Por tradición cultural y por vocación de control, el partido comunista chino quiere tener absolutamente todos los hilos que mueven la marcha del país. Al colocar en un altar la estabilidad a toda costa, el régimen chino controla todas las palabras y acciones de su población. Una forma clara de guerra contra la verdad es imponer la propia con la fuerza, la mordaza y el castigo.
Según el índice mundial de libertad de prensa elaborado por Reporteros sin fronteras, China ocupa el lugar número 175, poco arriba de Corea del Norte en el 180 (México ocupa el nada celebrable 127).

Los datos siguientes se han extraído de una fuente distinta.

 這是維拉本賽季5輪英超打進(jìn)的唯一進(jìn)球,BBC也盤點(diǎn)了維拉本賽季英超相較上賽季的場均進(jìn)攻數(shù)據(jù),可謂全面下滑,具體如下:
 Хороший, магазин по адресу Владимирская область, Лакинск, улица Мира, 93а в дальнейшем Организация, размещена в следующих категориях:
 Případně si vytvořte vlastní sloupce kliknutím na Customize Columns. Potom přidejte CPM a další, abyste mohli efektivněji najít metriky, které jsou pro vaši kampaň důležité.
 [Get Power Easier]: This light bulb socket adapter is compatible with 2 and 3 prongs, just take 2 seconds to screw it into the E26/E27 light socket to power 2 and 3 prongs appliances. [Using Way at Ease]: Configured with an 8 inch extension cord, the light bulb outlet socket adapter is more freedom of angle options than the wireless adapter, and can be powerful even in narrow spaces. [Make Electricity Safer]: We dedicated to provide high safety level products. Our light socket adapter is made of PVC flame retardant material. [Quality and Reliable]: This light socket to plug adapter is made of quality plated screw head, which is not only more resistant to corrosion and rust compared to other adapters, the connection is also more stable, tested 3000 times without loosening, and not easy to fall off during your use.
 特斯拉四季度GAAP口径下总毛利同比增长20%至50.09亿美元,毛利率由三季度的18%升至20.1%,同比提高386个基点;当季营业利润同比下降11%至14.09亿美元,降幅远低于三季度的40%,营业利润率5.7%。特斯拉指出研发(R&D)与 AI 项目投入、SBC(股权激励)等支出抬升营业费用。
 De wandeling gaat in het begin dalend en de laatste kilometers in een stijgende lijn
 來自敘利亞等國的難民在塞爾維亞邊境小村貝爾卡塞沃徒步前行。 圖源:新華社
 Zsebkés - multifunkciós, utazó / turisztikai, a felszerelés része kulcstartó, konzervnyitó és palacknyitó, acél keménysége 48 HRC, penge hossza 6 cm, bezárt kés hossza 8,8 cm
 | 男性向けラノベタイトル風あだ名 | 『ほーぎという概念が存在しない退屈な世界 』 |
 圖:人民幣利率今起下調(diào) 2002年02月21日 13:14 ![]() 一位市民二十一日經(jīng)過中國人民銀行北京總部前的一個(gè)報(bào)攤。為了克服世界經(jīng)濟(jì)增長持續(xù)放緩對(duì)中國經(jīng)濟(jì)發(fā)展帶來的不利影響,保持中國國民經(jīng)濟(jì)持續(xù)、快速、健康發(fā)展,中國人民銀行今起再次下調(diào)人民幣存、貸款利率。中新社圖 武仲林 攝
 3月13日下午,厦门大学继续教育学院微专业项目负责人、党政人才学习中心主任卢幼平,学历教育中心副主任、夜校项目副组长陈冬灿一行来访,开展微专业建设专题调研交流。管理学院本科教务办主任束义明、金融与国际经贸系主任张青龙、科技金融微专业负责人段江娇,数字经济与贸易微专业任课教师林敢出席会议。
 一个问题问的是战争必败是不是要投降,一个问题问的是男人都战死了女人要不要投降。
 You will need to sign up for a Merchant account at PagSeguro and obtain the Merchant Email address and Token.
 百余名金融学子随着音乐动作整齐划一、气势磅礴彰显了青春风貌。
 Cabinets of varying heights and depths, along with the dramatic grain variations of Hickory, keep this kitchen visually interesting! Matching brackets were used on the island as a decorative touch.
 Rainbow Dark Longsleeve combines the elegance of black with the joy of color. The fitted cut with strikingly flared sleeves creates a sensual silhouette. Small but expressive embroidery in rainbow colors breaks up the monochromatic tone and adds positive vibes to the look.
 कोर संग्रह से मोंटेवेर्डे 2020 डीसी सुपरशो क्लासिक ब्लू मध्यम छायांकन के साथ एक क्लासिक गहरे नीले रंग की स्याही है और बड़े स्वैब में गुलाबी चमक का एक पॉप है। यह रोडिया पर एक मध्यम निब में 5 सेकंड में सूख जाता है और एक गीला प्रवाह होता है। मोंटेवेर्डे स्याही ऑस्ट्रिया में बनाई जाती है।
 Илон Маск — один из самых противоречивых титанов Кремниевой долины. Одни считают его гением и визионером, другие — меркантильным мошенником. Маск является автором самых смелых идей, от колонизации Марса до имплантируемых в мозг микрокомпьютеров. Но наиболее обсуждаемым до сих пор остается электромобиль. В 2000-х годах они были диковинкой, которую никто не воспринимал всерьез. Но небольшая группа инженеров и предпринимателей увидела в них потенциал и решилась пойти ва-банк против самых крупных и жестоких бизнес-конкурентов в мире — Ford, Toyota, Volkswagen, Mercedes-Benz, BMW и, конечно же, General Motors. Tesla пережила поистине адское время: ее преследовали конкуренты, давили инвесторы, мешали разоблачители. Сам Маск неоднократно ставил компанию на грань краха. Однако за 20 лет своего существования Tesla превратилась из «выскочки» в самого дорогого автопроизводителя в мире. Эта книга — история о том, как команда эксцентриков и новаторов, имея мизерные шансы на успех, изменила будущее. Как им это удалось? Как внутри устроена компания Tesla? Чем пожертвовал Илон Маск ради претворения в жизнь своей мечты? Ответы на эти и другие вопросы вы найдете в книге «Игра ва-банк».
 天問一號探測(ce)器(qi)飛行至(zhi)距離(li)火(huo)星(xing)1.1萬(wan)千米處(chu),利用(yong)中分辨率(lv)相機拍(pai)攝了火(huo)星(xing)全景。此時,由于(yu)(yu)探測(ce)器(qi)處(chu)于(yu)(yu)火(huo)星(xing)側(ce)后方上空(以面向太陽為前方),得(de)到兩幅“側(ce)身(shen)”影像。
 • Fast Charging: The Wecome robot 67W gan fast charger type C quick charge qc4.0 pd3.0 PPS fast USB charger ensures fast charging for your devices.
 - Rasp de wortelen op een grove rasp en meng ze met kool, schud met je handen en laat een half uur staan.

Otro frente de la posverdad es el que vemos en Rusia, donde Vladimir Putin tiene en un puño a los medios de comunicación de su país y ha debilitado al máximo cualquier esfuerzo de periodismo informativo o de opinión que cuestione su versión oficial. De hecho, el gran éxito del encarcelado y principal líder opositor Alexander Navalny se sustenta en sus reportajes en YouTube –destinados al gran público y no a las elites– donde denuncia las trampas y malos manejos de Putin.
Por extraño que nos parezca, la invasión a Ucrania cuenta con un amplio respaldo popular en Rusia porque sus habitantes por varios años han sido lentamente macerados en una constante lluvia de falsedades sistemáticas dirigidas a manipular sus emociones de orgullo y temor. Control férreo que en los primeros meses del conflicto castigaba con cárcel a quien usará la palabra guerra cuando el régimen solo quería hablar de una “operación especial”.
Tras sus rotundos éxitos sembrando la división –jugando un rol clave en el Brexit y el inesperado triunfo de Donald Trump en el 2016–, pocos esperábamos la tunda que están recibiendo los rusos en la escena mundial gracias a la sagaz y efectiva campaña de diplomacia pública puesta en marcha por Zelenski y los ucranianos. Ningún rival es invencible, ni en la cancha, ni en las trincheras ni en el ciberespacio.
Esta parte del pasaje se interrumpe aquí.